• WORK REQUIRED: Reproduce the data that follows character for character, but omit its pictures.

• DATASET EXTRACT:
┌──

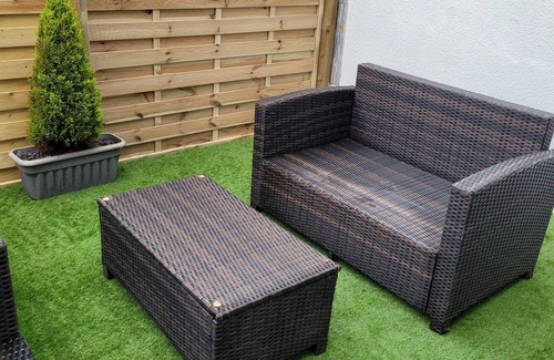 Spread over two floors our newly exceptional high standard renovated apartment sleeps up to 2 guests and not to forget their furry companions. The lower floor has a large double bedroom with a slipper bath and wash basin with French doors opening to a private garden area. The upper level has an open planned fully fitted kitchen, living and dining experience with a sofa
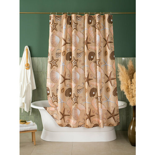Занавеска (штора) Shеll для ванной комнаты тканевая 180х180 (шхв)см, цвет бежевый
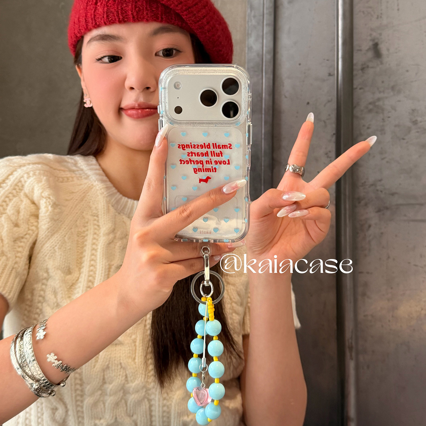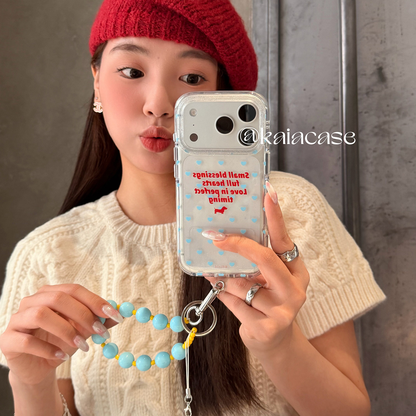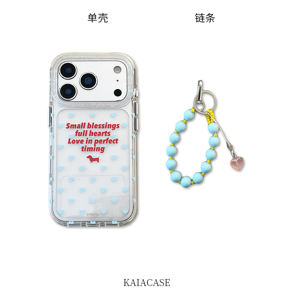 kaia日韩ins简约蓝爱心英文适用苹果17promax手机壳iphone16pro新款15女14pro带链条15pro透明全包防摔手机套
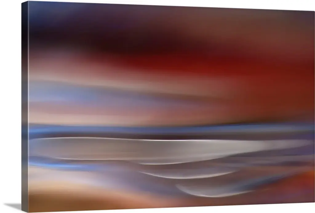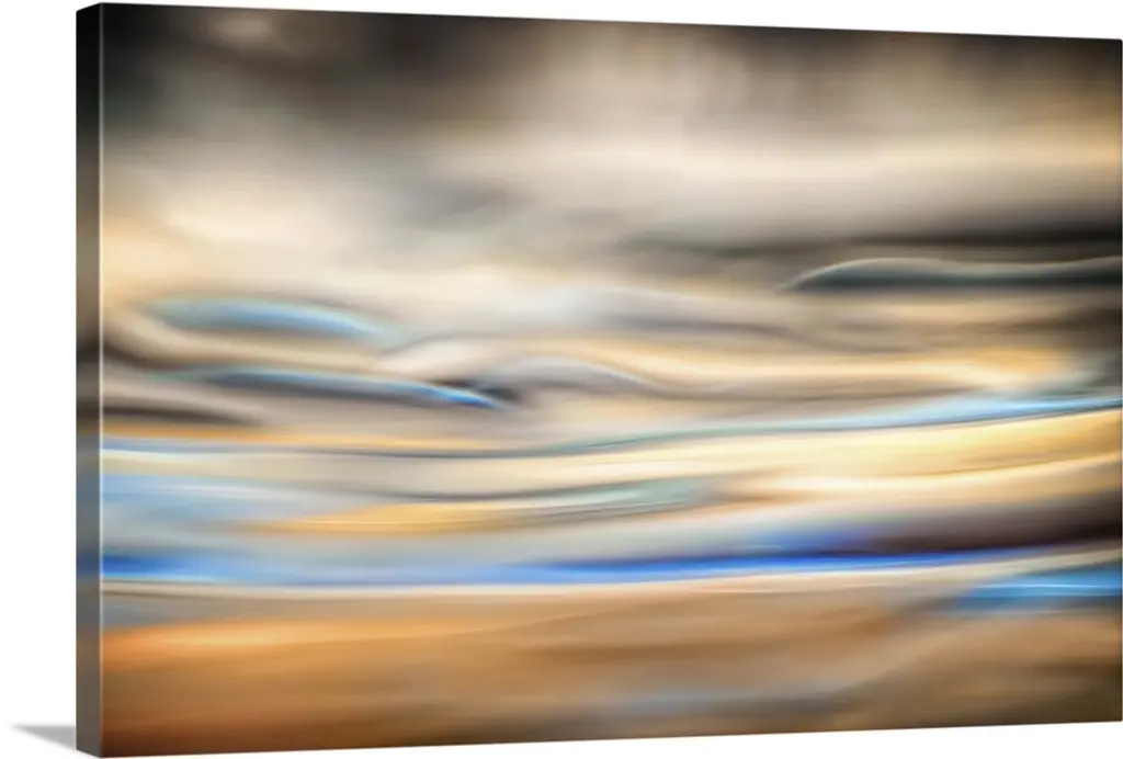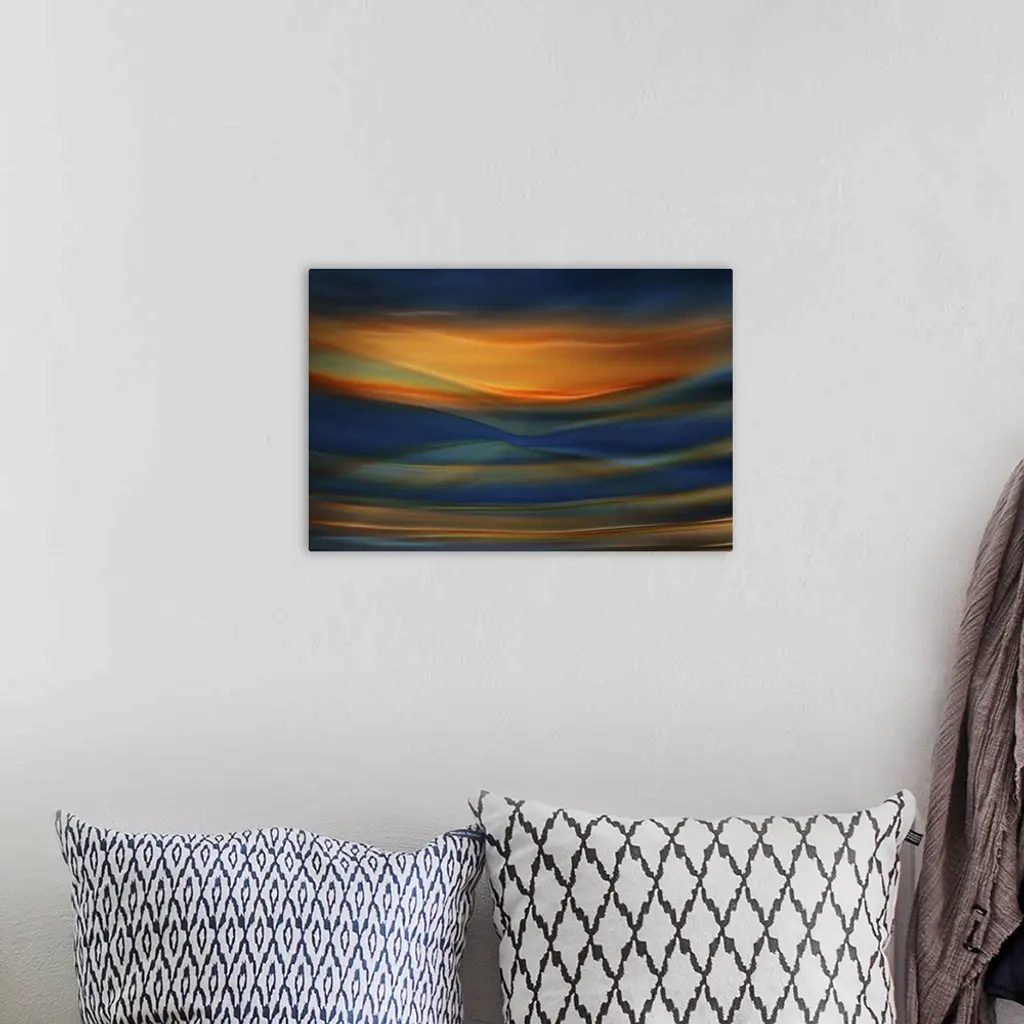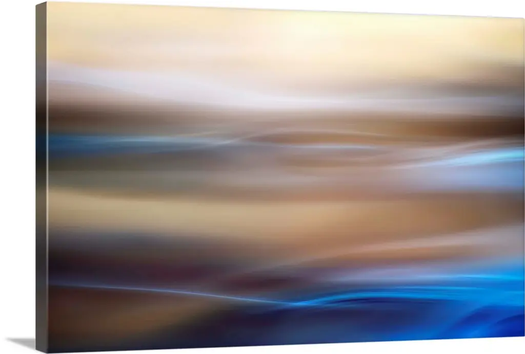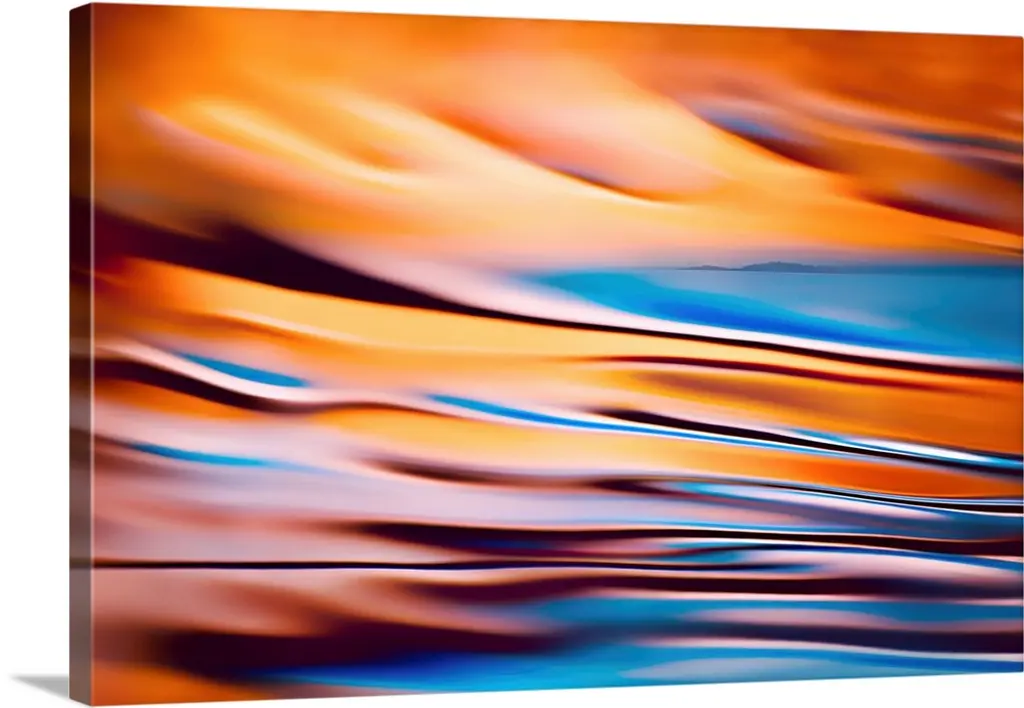 Abstract photograph of blurred and blended colors and flowing lines in shades of orange and blue.

└──

• ANSWER SECTION:
 Spread over two floors our newly exceptional high standard renovated apartment sleeps up to 2 guests and not to forget their furry companions. The lower floor has a large double bedroom with a slipper bath and wash basin with French doors opening to a private garden area. The upper level has an open planned fully fitted kitchen, living and dining experience with a sofa
Занавеска (штора) Shеll для ванной комнаты тканевая 180х180 (шхв)см, цвет бежевый
 kaia日韩ins简约蓝爱心英文适用苹果17promax手机壳iphone16pro新款15女14pro带链条15pro透明全包防摔手机套
 Abstract photograph of blurred and blended colors and flowing lines in shades of orange and blue.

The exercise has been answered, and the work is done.